2002–03 was the inaugural season of basketball at the Comcast Center. The team was coached by Gary Williams.

==Schedule==

| Regular Season |

| Date time, TV | Rank^{#} | Opponent^{#} | Result | Record | Site city, state |
Regular Season
| November 24 | No. 12 | Miami (OH) | W 64–49 | 1–0 | Comcast Center College Park, Maryland |
| November 27 | No. 11 | The Citadel | W 97–49 | 2–0 | Comcast Center College Park, Maryland |
| November 30 | No. 11 | Duquesne | W 89–39 | 3–0 | Comcast Center College Park, Maryland |
| December 3 | No. 9 | vs.
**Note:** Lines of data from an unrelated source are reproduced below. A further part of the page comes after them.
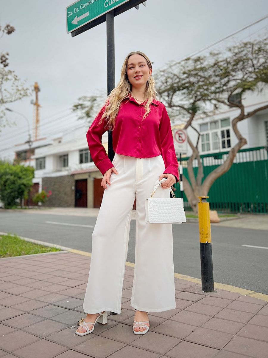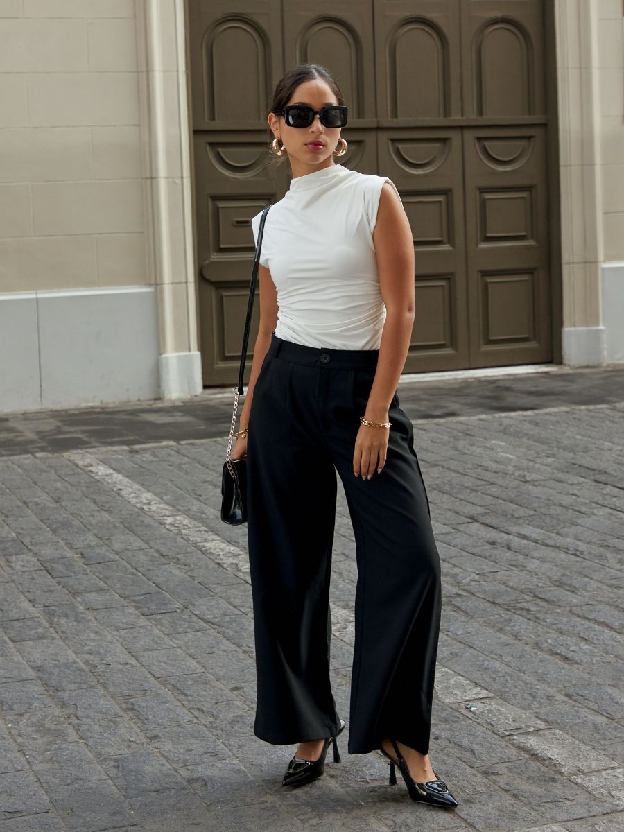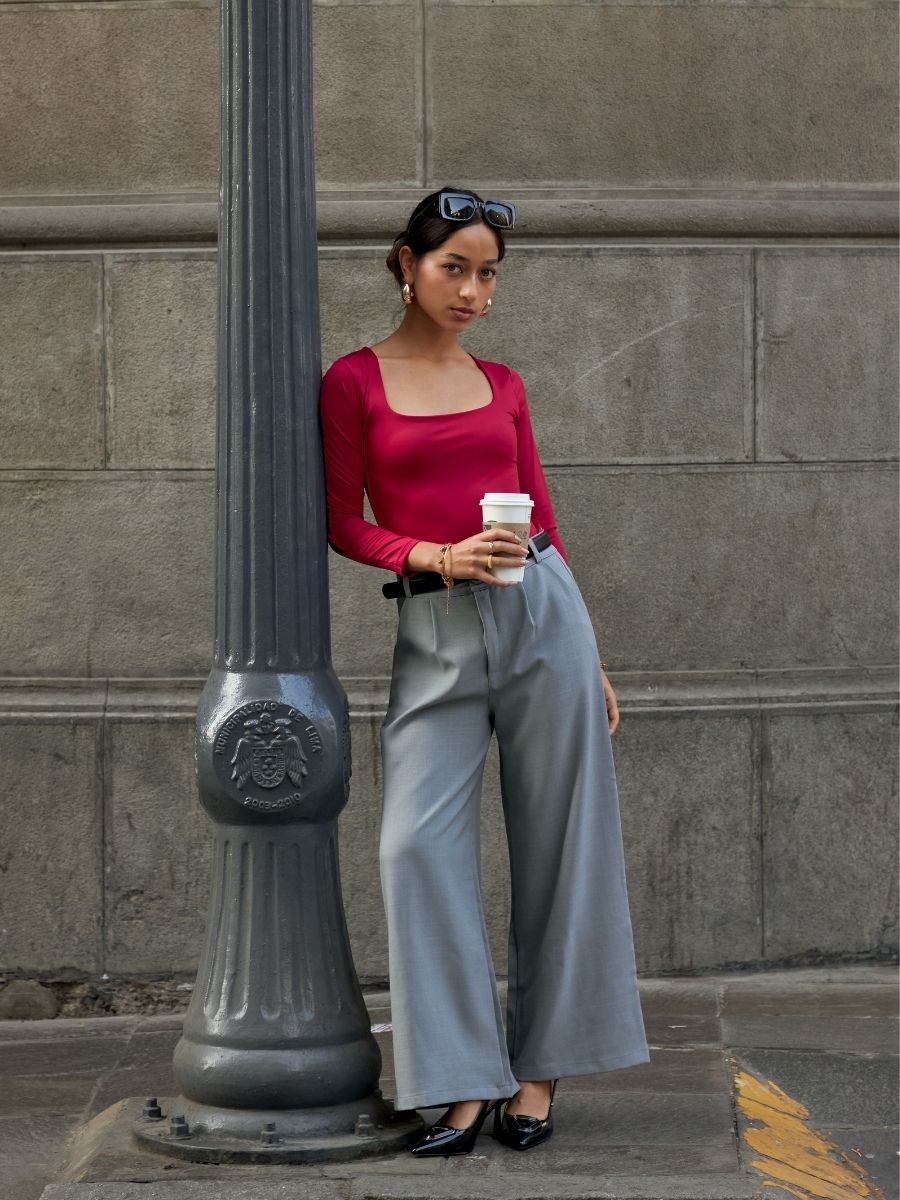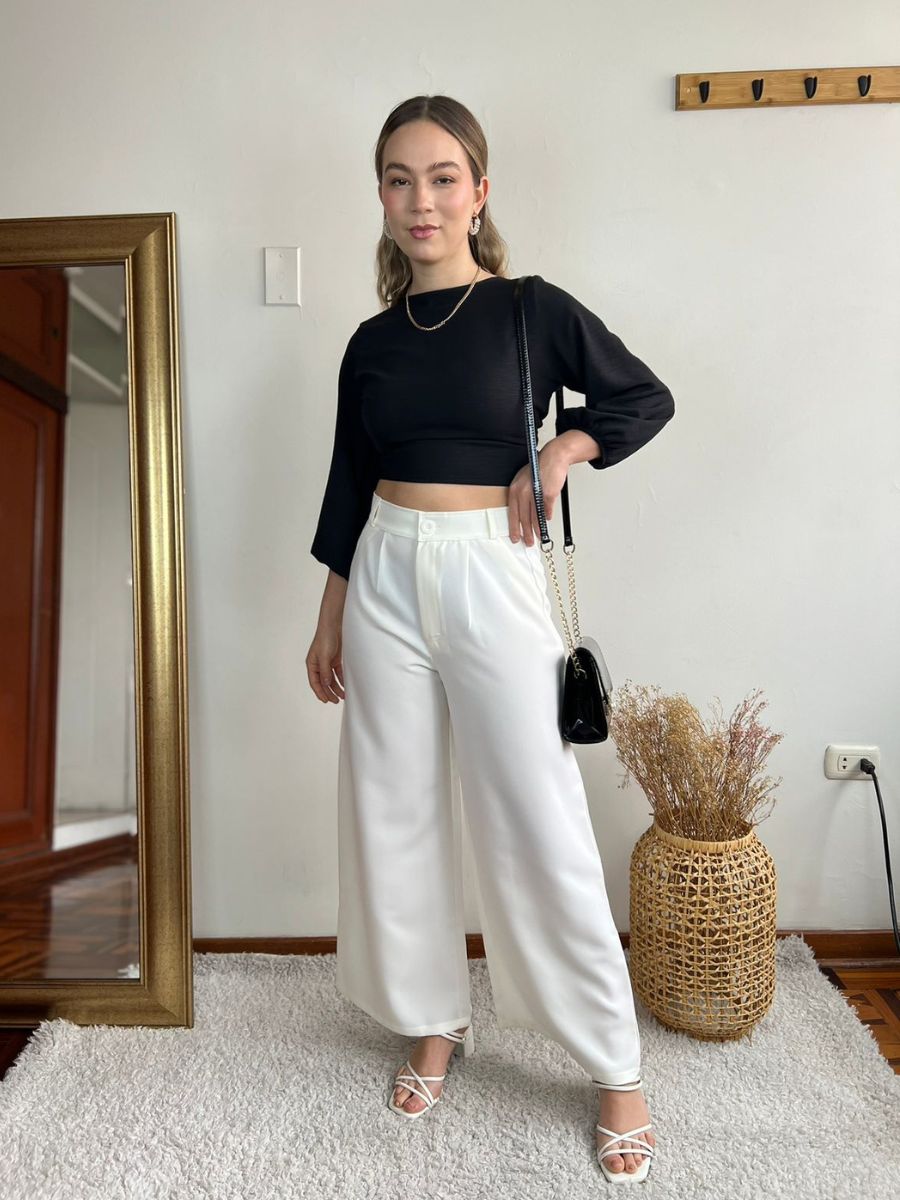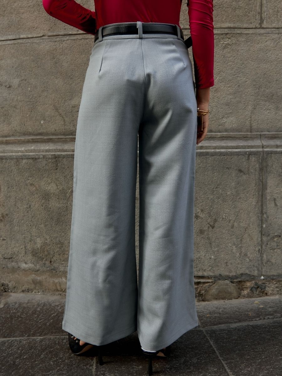 Pantalón estilo sastre, corte recto. Detalle de presillas y pinzas. Bolsillos delanteros funcionales.
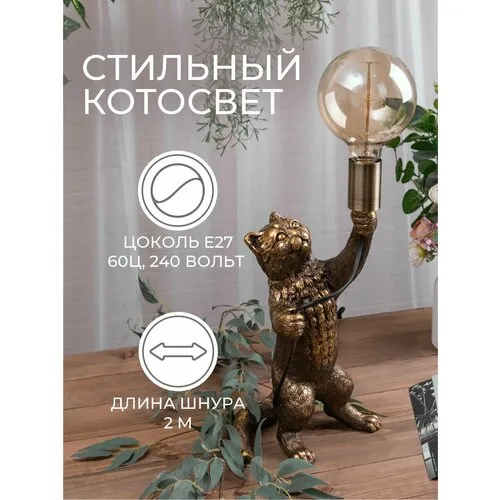 Настольная лампа светильник из мрамора Bogacho Кот Мэдисон 60 см бронзового цвета с золотой поталью - лампа в комплекте
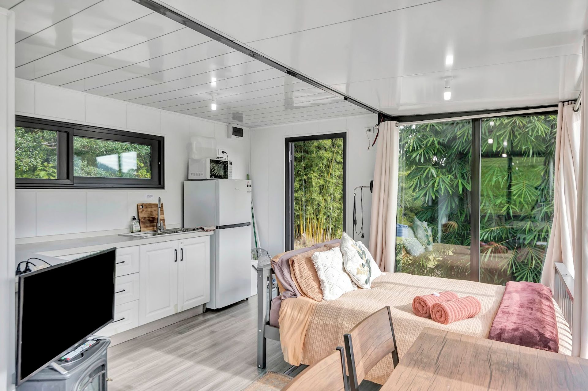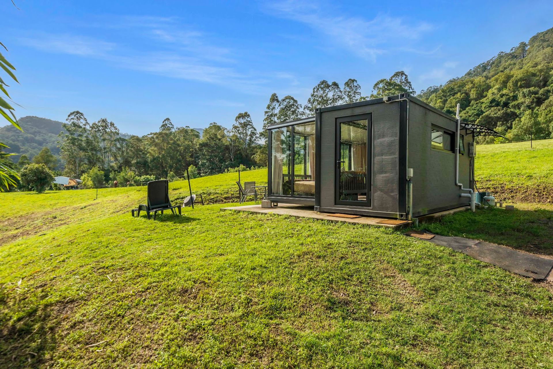 And just a little further, is the Glass House Studio which is in arguably the best spot out of the structures. It is a small insulated structure with an amazing outlook. Everything inside is new and as it is built on a chassis, it does not require council approval.
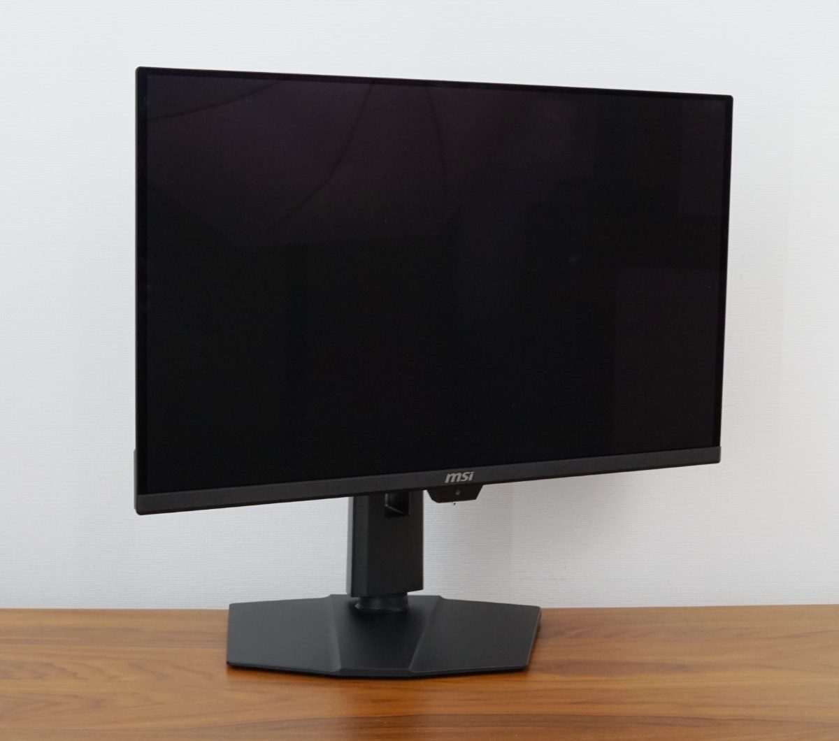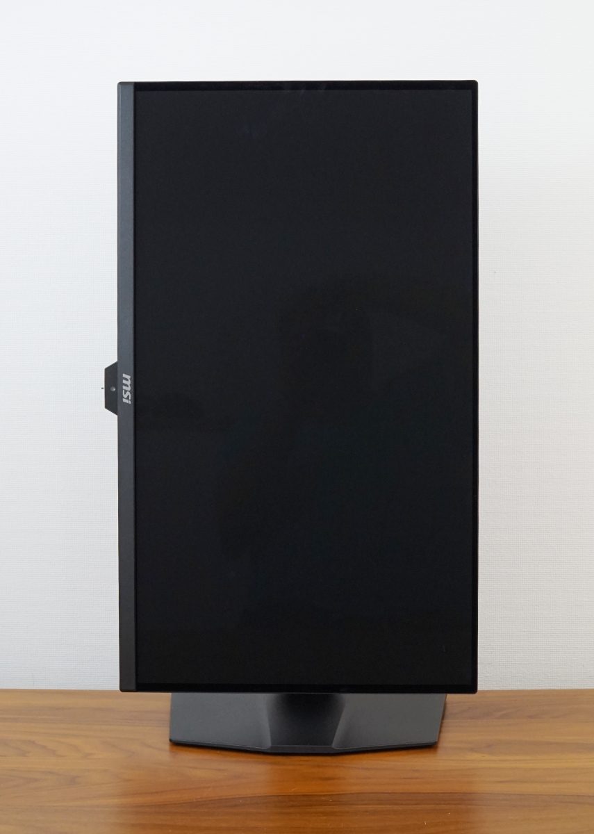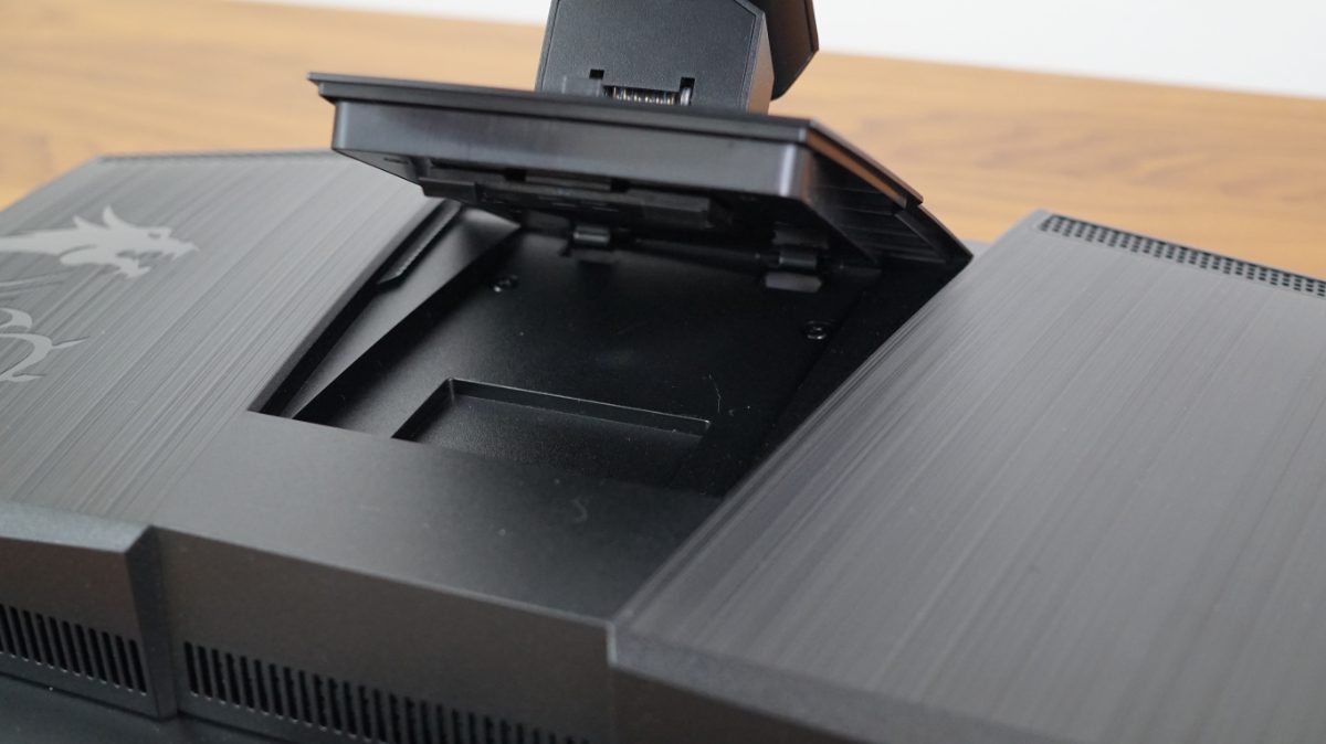Normalerweise schiebt man das Standbein so weit auf den Fuß, bis kein Spalt mehr vorhanden ist, was beim MSI 271QRDE QD-OLED X50 nicht der Fall ist. Die Konstruktion des „schwebenden“ Standbeins ist nicht nur optisch gelungen, auch die im Fuß integrierte Drehfunktion weiß zu gefallen.

No. 10 Indiana ACC–Big Ten Challenge | L 74–80 ^{OT} | 3–1 | Conseco Fieldhouse Indianapolis |
| December 7 | No. 9 | vs. Notre Dame BB&T Classic | L 67–79 | 3–2 | MCI Center Washington, D.C. |
| December 8 | No. 9 | vs. George Washington BB&T Classic | W 93–82 | 4–2 | MCI Center Washington, D.C. |
| December 14 | No. 18 | No. 14 Florida | L 64–69 | 4–3 | Comcast Center College Park, Maryland |
| December 23 | No. 23 | UMBC | W 101–60 | 5–3 | Comcast Center College Park, Maryland |
| December 29 | No. 23 | Georgia Tech | W 84–77 | 6–3 (1–0) | Comcast Center College Park, Maryland |
| January 4 | No. 22 | Wagner | W 79–57 | 7–3 | Comcast Center College Park, Maryland |
| January 8 | No. 21 | Hampton | W 108–58 | 8–3 | Comcast Center College Park, Maryland |
| January 11 | No. 21 | Florida State | W 89–62 | 9–3 (2–0) | Comcast Center College Park, Maryland |
| January 15 | No. 17 | at No. 19 Wake Forest | L 72–81 | 9–4 (2–1) | Lawrence Joel Veterans Memorial Coliseum Winston-Salem, North Carolina |
| January 18 | No. 17 | No. 1 Duke | W 87–72 | 10–4 (3–1) | Comcast Center College Park, Maryland |
| January 22 | No. 12 | at North Carolina | W 81–66 | 11–4 (4–1) | Dean E. Smith Center Chapel Hill, North Carolina |
| January 25 | No. 12 | at Clemson | W 52–47 | 12–4 (5–1) | Littlejohn Coliseum Clemson, South Carolina |
| January 30 | No. 10 | NC State | W 75–60 | 13–4 (6–1) | Comcast Center College Park, Maryland |
| February 2 | No. 10 | Loyola (MD) | W 85–58 | 14–4 | Comcast Center College Park, Maryland |
| February 6 | No. 8 | Virginia | L 78–86 | 14–5 (6–2) | Comcast Center College Park, Maryland |
| February 9 CBS | No. 8 | at Georgia Tech | L 84–90 | 14-6 (6–3) | Alexander Memorial Coliseum Atlanta |
| February 12 | No. 16 | at Florida State | W 74–72 | 15–6 (7–3) | Donald L. Tucker Civic Center Tallahassee, Florida |
| February 17 | No. 13 | No. 10 Wake Forest | W 90–67 | 16–6 (8–3) | Comcast Center College Park, Maryland |
| February 19 | No. 13 | at No. 8 Duke | L 70–75 | 16–7 (8–4) | Cameron Indoor Stadium Durham, North Carolina |
| February 22 | No. 13 | North Carolina | W 96–56 | 17–7 (9–4) | Comcast Center College Park, Maryland |
| February 25 | No. 14 | Clemson | W 91–52 | 18–7 (10–4) | Comcast Center College Park, Maryland |
| March 2 | No. 14 | at NC State | W 68–65 | 19–7 (11–4) | RBC Center Raleigh, North Carolina |
| March 9 | No. 13 | at Virginia | L 78–80 ^{OT} | 19–8 (11–5) | University Hall Charlottesville, Virginia |
ACC Tournament
| March 14 | No. 14 | at vs. North Carolina | L 72–84 | 19–9 | Greensboro Coliseum Greensboro, North Carolina |
NCAA Tournament
| March 21 CBS | No. 17 | vs. UNC Wilmington First Round | W 75–73 | 20–9 | Gaylord Entertainment Center Nashville, Tennessee |
| March 23 CBS | No. 17 | vs. No. 12 Xavier Second Round | W 77–64 | 21–9 | Gaylord Entertainment Center Nashville, Tennessee |
| March 28 CBS | No. 17 | vs. Michigan State Sweet Sixteen | L 58–60 | 21–10 | Alamodome San Antonio, Texas |
*Non-conference game. ^{#}Rankings from AP Poll. (#) Tournament seedings in parentheses.